Hi, I have gone through some the articles about best practice performance configuration for iSCSI on VNX. All of the articles suggest that we should disable TCP delayed-Ack on the connecting host. I just don't understand why? How does TCP delayed-Ack impact iSCSI performance?
According to those articles, it was due to 200ms delay that SP port needs to wait for the second packet coming in to trigger a immediate Ack. Why are those KB articles assume there would be no second packet coming in and the 200ms delay is a necessary?
could anyone share some lights on this?
Seems the question you mentioned might also happen on ESX hosts, VMware KB: ESX/ESXi hosts might experience read or write performance issues with certain storage arr....
The affected iSCSI arrays in question take a slightly different approach to handling congestion. Instead of implementing either the slow start algorithm or congestion avoidance algorithm, or both, these arrays take the very conservative approach of retransmitting only one lost data segment at a time and waiting for the host's ACK before retransmitting the next one. This process continues until all lost data segments have been recovered.

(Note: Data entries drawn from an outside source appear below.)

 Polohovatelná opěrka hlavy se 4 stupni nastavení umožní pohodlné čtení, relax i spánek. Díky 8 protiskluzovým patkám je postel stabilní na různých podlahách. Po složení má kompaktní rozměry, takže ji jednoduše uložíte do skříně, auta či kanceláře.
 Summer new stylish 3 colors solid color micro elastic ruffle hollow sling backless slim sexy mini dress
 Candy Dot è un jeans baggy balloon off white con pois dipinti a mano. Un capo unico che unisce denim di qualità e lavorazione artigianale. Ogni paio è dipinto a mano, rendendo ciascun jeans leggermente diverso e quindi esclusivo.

Coupled with the delayed ACK implemented on the ESXi/ESX host, this approach slows read performance to a halt in a congested network. Consequently, frequent timeouts are reported in the kernel log on hosts that use this type of array. Most notably, the VMFS heartbeat experiences a large volume of timeouts because VMFS uses a short timeout value. This configuration also experiences excessively large maximum read-response times (on the order of several tens of seconds) reported by the guest. This problem is exacerbated when reading data in large block sizes. In this case, the higher bandwidth contributes to network congestion, and each I/O is comprised of many more data segments, requiring longer recovery times.
Until the iSCSI array vendors address this issue on their end, consider designing your IP storage network with enough capacity to account for the peak usage and lower the risk of congestion. If you experience the problem described in this article and are unable to alter your network configuration or find ways to guarantee a congestion-free environment, you can experiment with the following workaround.

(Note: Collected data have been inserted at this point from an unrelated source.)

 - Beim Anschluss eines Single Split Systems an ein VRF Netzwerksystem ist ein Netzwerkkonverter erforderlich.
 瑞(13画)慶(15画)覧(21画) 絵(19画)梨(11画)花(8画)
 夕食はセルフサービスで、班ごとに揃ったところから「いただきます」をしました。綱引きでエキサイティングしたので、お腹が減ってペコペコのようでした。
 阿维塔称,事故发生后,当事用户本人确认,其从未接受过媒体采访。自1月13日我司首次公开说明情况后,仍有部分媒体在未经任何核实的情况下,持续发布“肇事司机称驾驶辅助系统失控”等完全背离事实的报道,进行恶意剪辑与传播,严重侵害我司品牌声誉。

This workaround involves disabling delayed ACK on your ESX/ESXi host through a configuration option. By setting this option, you completely disable delayed ACK regardless of whether TCP is attempting congestion recovery and operating normally. This option affects the entire TCP/IP stack and, therefore, all TCP/IP applications are impacted if you implement this change. As a consequence, setting this option might degrade the performance of iSCSI and other applications—for example, NFS and vMotion—as well as contribute to the congestion. Nonetheless, the option allows a speedy recovery from congestion and a reasonable performance during other transactions with the affected iSCSI arrays.

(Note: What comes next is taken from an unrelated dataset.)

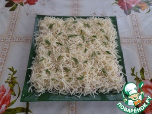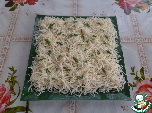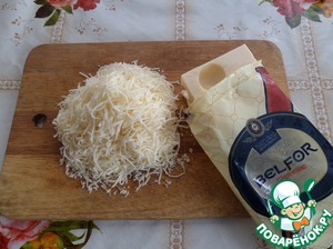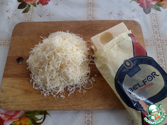 Сыр трем на мелкой терке. Я использую сыр "BELFOR" Белебеевского молочного комбината. Очень вкусный и качественный продукт.
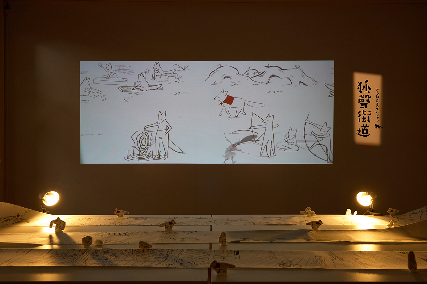本作は、日本文化において特別な存在として信仰され続けてきた「狐」を通し、日本人の精神文化と社会の変化を描く作品である。絵巻の形式と鳥獣戯画風のユーモラスな表現を用い、神と人、信仰と日常の境界が曖昧だった世界観を可視化した。時代が移り変わっても失われない信仰心や、形を変えながら受け継がれる文化の再生を、狐が再び鳥居へ戻る物語として表現している。

Note: Please contact your storage vendor to confirm if disabling Delayed ACK is a workaround that they recommend for their storage array.
We have had delayed ack turned off on the Windows SQL boxes for quite some time however I never got around to turning if off on the ESX hosts.
Looking at M&R and/or vSphere charts we would see really spikey latency at relatively low iops (100-200 IOPS). After turning it off on 6 ESX hosts I saw an immediate huge difference in how the graphs looked in M&R and vSphere. Much lower latency and much more consistent latency. I did not take measurements from the actual VMs but since the VMHost showed lower latency on those datastores I think it filtered down to the VMs as well.
One note though, every time I run a high IOPS workload I'd get pretty good performance & iops regardless of delayed ack. Seems to be really helpful for the lower IOPS luns or maybe environments that have some Ethernet packet loss.
Thanks for the feedback
Always good to hear from actual customer experience
Also good to hear once in while what works well – on a forum like that you are bound to get much more people posting what doesn’t work ☺
I've attached a M&R report that I sent out to the support team after making the changes. The LUN in question does about 200 IOPS, you can clearly see the change in behavior.